Amidst the entire furore over BBC’s two-part documentary titled ‘India: The Modi Question’, with its portrayal of the 2002 Gujarat riots and its subsequent block in India, Sydney University professor and sociologist Salvatore Babones believes the show was not to target India or Prime Minister Narendra Modi but the first Hindu PM of the UK, Rishi Sunak.

“It’s not exactly anti-India propaganda,” Babones told exclusively to CNN-News18.

“This is what I mention in my new article ‘Unholy Alliance’ as well. It’s a strange alliance between Christian missionaries and international Islamists and global human rights infrastructure. This documentary is based on the report that came out of the British High Commission that they haven’t released, that was leaked, immediately after Rishi Sunak became the first Hindu PM of the UK. I strongly suspect that leak was motivated by anti-Hinduism not by anti-India agenda,” he said.

He further said, “If it (documentary) were anti-India or anti-Modi, it would have been leaked during the election campaign. The foreign service office in the UK, we have accounts that it is riddled with anti-semitism and anti-Hinduism for decades, this is not new. Foreign service in the UK, someone in the office decided that when the UK got its first Hindu PM, they were hoping to bring down the government.”
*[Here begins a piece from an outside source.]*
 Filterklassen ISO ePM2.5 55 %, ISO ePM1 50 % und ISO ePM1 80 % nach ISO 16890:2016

“This is about Sunak, not about Modi,” he stressed.

“Why did someone in the foreign office leak the 2002 report now? What’s the motivation here? I think it was more to do with the anti-Hindu violence in Leicester and the arrival of a Hindu PM. There is a strong Islamist bench in the foreign office in the UK. Otherwise, it would have been leaked in 2014, 2019 or 2024,” he further said.
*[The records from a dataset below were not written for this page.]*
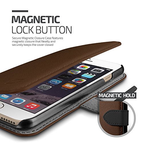 Lific URCOVER Custodia Richiudibile Saffiano Diary per Apple iPhone 6 6s Plus | Cover Protezione Completa in Eco Pelle Ultra Slim Marrone/Nero | Flip Case Chiusura Elegante
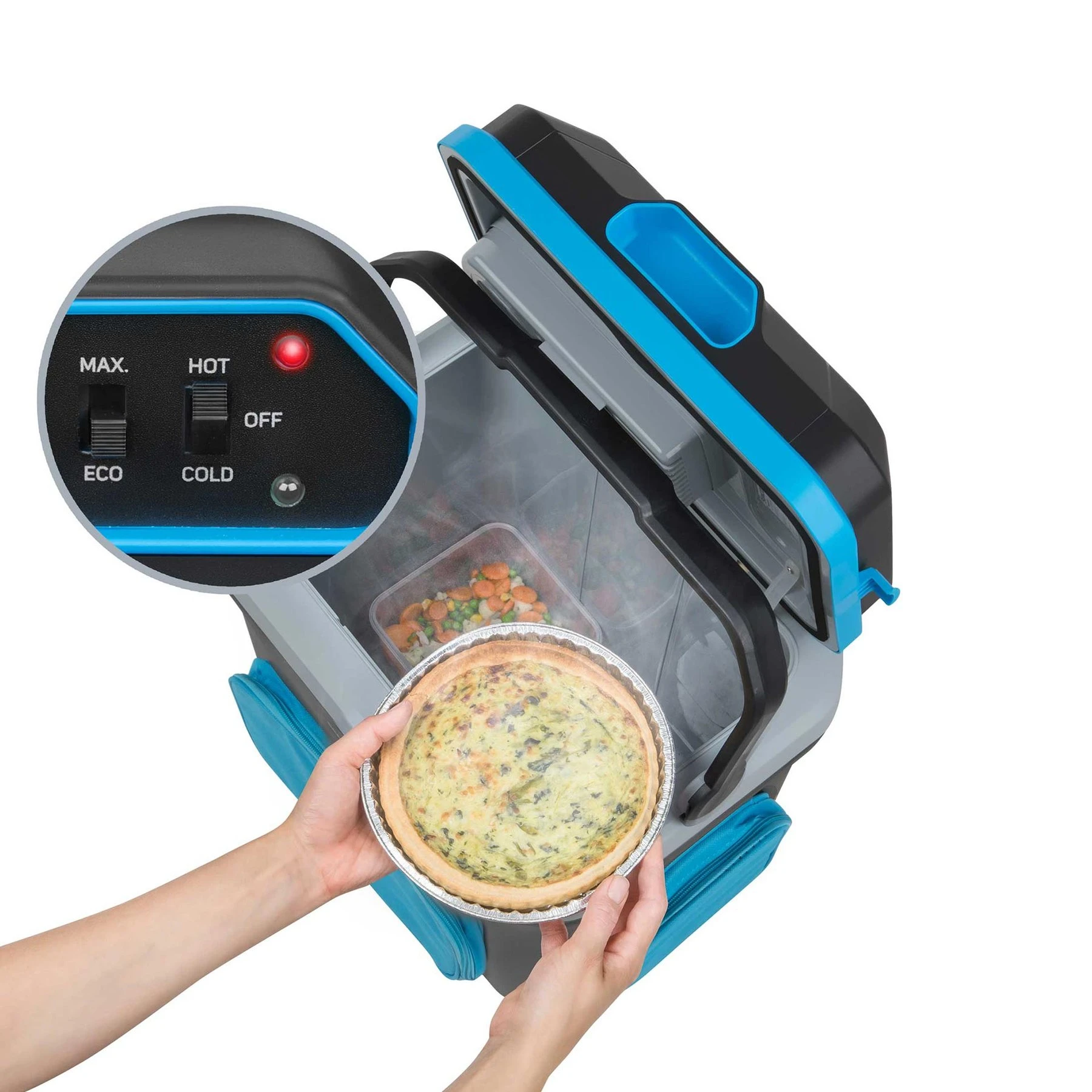 Чантата може не само да охлажда, но и да отоплява. Охлажда до 16°C под температурата на околната среда или загрява до 60 °C. Изпълняваната програма се осветява с цветен светодиод.
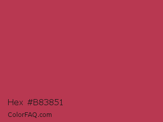 Hex #b83851 Color is a normal red color and the nearest color is Dingy Dungeon #c53151. Hex code #b83851 and RGB value is rgb(184,56,81). In RGB color space, this color is composed of 72% red, 22% green, 32% blue, In CMYK color space, this color is composed of 0% cyan, 70% magenta, 56% yellow , 28% black , In HSL color space, this color has a hue angle of 348° , 53% saturation and 47% lightness.
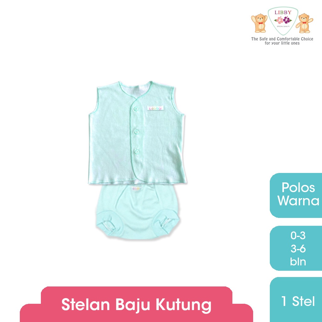 LIBBY Setelan Baju Kancing Newborn Unisex Polos Warna dan Putih Random (1 Stel)
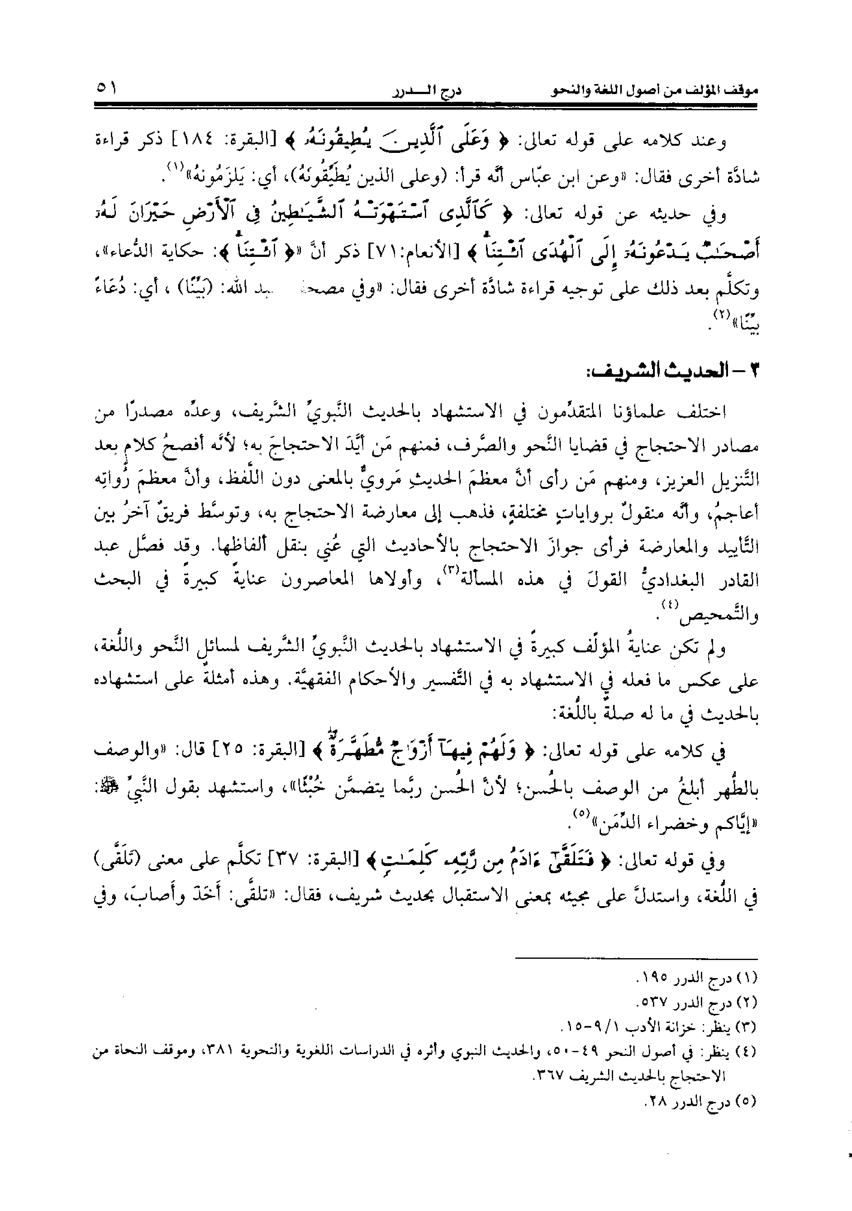 (¬4) ينظر: في أصول النحو 49 - 50، والحديث النبوي وأثره في الدراسات اللغوية والنحوية 381، وموقف النحاة من الاحتجاج بالحديث الشريف 367.

The Sydney University professor, who is very popular in India now for his views on intellectual bias against India, especially overseas, was also critical of the way the Indian government reacted to the BBC documentary. While India did not ban the series itself, it did block the circulation of its links online. Soon after, the BBC India offices were also surveyed by the income tax department for alleged tax fraud.

“It does make India look bad, it makes it very difficult to defend media freedom in India, but I believe it was done under Indian laws. India has its own laws and its own approach. But from a public perception and diplomacy point of view, it would have been much better for India to just take it on the chin, argue against it, but let it be shown. That said, everyone is political, so just as opposition to the BJP often thrives as anti-India narrative in the west, the BJP’s own electoral calculations seem to drive it to the direction that makes it look bad in the west. I’m sure from the BJP’s perspective, attacking the BBC, probably, they saw it as an opportunity for electoral gain,” he explained.